To do: Reproduce the listing below word for word and exclude any picture.

── Raw data ──

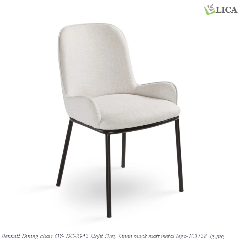 Description:Bennett Dining chair GY- DC-2943 Light Grey Linen black matt metal legs
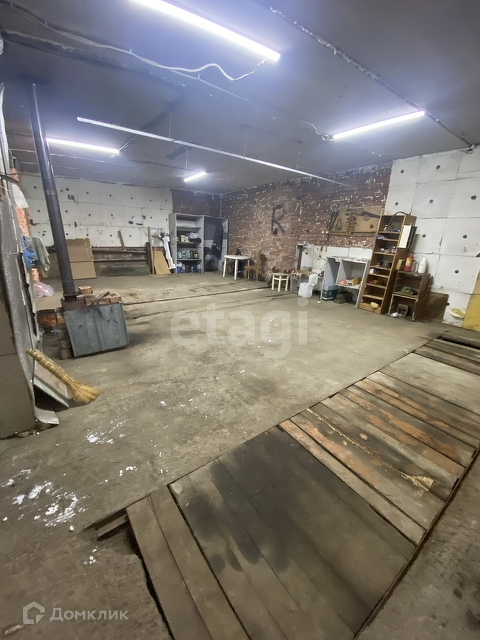 Два гаража объединены в один, общая площадь 60 кв.м., Ширина 10 метров, длина 6. Двое ворот распашные 2.6 х 2.25 утеплённые, снаружи обшитые металлом, крыша не течет. Отопление печное, в гараже зимой 0 градусов. Выведено электричество индивидуальное. Сухой подвал в площадь гаража, весной не топит.
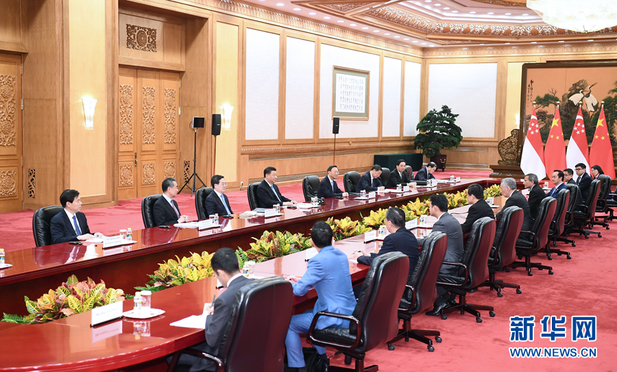 4月29日,國(guó)家主席習(xí)近平在北京人民大會(huì)堂會(huì)見(jiàn)新加坡總理李顯龍。 新華社記者 謝環(huán)馳 攝
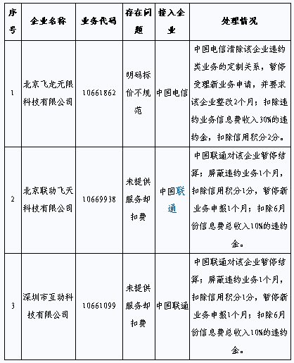據(jù)悉,這3家增值電信企業(yè)是北京飛龍無限科技有限公司,存在明碼標(biāo)價不規(guī)范問題;北京聯(lián)動飛天科技有限公司,未提供服務(wù)卻扣費(fèi);深圳市互動科技有限公司,未提供服務(wù)卻扣費(fèi)。

───

Final answer:
 Description:Bennett Dining chair GY- DC-2943 Light Grey Linen black matt metal legs
 Два гаража объединены в один, общая площадь 60 кв.м., Ширина 10 метров, длина 6. Двое ворот распашные 2.6 х 2.25 утеплённые, снаружи обшитые металлом, крыша не течет. Отопление печное, в гараже зимой 0 градусов. Выведено электричество индивидуальное. Сухой подвал в площадь гаража, весной не топит.
 4月29日,國(guó)家主席習(xí)近平在北京人民大會(huì)堂會(huì)見(jiàn)新加坡總理李顯龍。 新華社記者 謝環(huán)馳 攝
據(jù)悉,這3家增值電信企業(yè)是北京飛龍無限科技有限公司,存在明碼標(biāo)價不規(guī)范問題;北京聯(lián)動飛天科技有限公司,未提供服務(wù)卻扣費(fèi);深圳市互動科技有限公司,未提供服務(wù)卻扣費(fèi)。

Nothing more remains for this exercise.